[spambayes-dev] train to exhaustion?

Fri Feb 13 09:13:29 EST 2004

Skip Montanaro wrote:
> Kenny> I wonder what would happen if you took an "incorrectness score"
> Kenny> that was the average of the distance from perfect
classification
> Kenny> over all messages, and stop if that average ever increases? 
> 
> I don't understand what you're suggesting.  What is "perfect
> classification over all messages"?

I was afraid that statement wouldn't be quite clear. <0.5 wink>

I was thinking of perfect classification of a spam being an exact 1.0
score, and perfect classification of a ham being an exact 0.0 score.  If
a ham scores as 0.01, then its distance from perfect is 0.01.  If a spam
scores as 0.99, then its distance from perfect is also 0.01.  The
"incorrectness score" I was considering would take the total of these
distances for all messages as you score them in a single round, and
divide by the total number of messages to get the average distance.

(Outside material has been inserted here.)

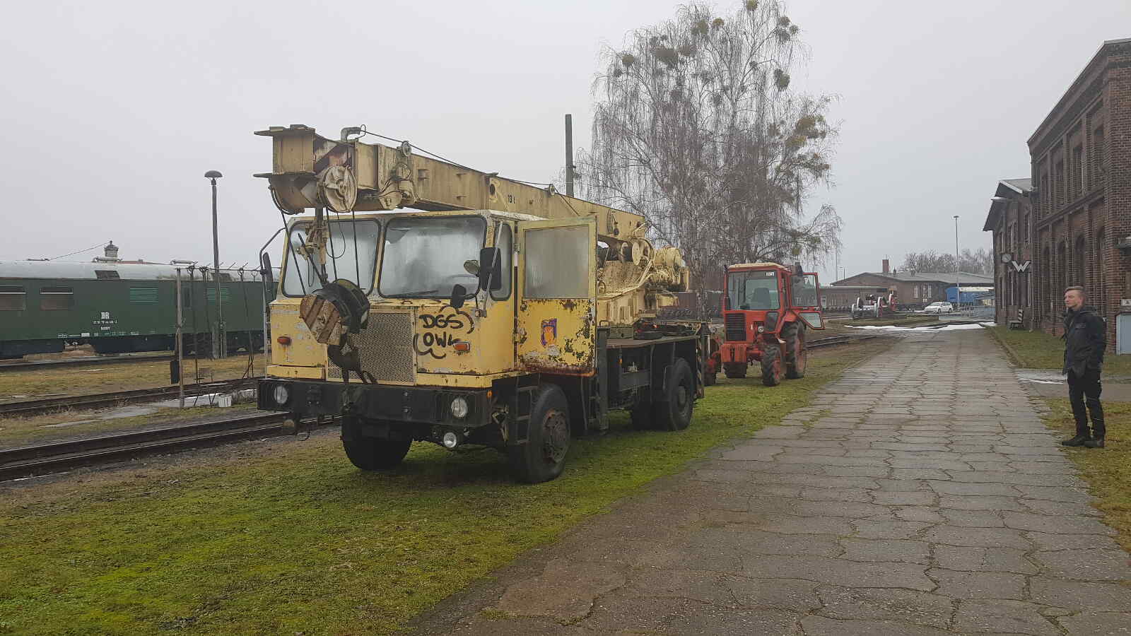 The necessary manoeuvring work for this was carried out by a Soviet-made Mts 572 tractor. It was manufactured in Minsk in 1990 and its engine has an output of approx. 60 hp. A colleague kindly stationed it in Wittenberge for our internal transport needs.

What I was wondering was whether or not going through a round where this
average distance was greater than or equal to the previous round would
be a good indicator that more iterations would not improve the overall
accuracy any further.  The intent is to have some kind of guard
condition to prevent the concern that Alex mentioned of getting caught
in an infinite iteration loop.

-- 
Kenny Pitt